The computing resources available to machine learning and artificial intelligence researchers are significant and diverse. Along with the campus-wide high performance computing cluster known as Flux, the recently announced Big Data cluster Cavium ThunderX will give researchers a powerful new platform for hosting artificial intelligence and machine learning work. Both clusters are provided by Advanced Research Computing – Technology Services (ARC-TS).

All allocations on ARC-TS clusters include access to software packages that support AI/ML research, including TensorFlow, Torch, and Spark ML, among others.

ARC-TS also operates the Yottabyte Research Cloud (YBRC), a customizable computing platform that recently gained the capacity to host and analyze data governed by the HIPAA federal privacy law.

Also, the Michigan Institute for Data Science (MIDAS) (also a unit of ARC) has supported several AI/ML projects through its Challenge Initiative program, which has awarded more than $10 million in research support since 2015.

For example, the Analytics for Learners as People project is using sensor-based machine learning tools to translate data on academic performance, social media, and survey data into attributes that will form student profiles.

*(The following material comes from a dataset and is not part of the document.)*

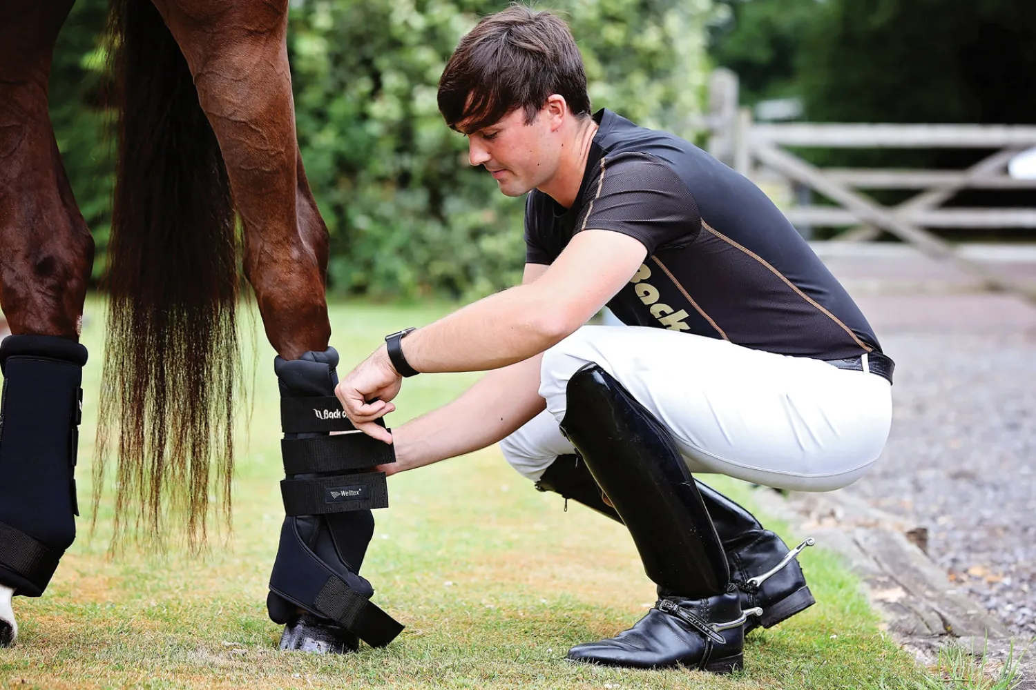 Back on Track® Royal Quick Wraps with Welltex® technology are all-in-one standing bandages that may help decrease swelling and keep your horse’s legs cool and tight. State-of-the-art Welltex material with embedded ceramic particles uses the horse’s own body energy to create a soothing far infrared effect, allowing for increased blood circulation and relaxed muscles, tendons, joints and ligaments.

Those profiles will help link academic performance and mental health with the personal attributes of students, including values, beliefs, interests, behaviors, background, and emotional state.

Another example is the Reinventing Public Urban Transportation and Mobility project, which is using predictive models based on machine learning to develop on-demand, multi-modal transportation systems for urban areas.

In addition, MIDAS supports student groups involved in this type of research such as the Michigan Student Artificial Intelligence Lab (MSAIL) and the Michigan Data Science Team (MDST).

(A version of this piece appeared in the University Record.)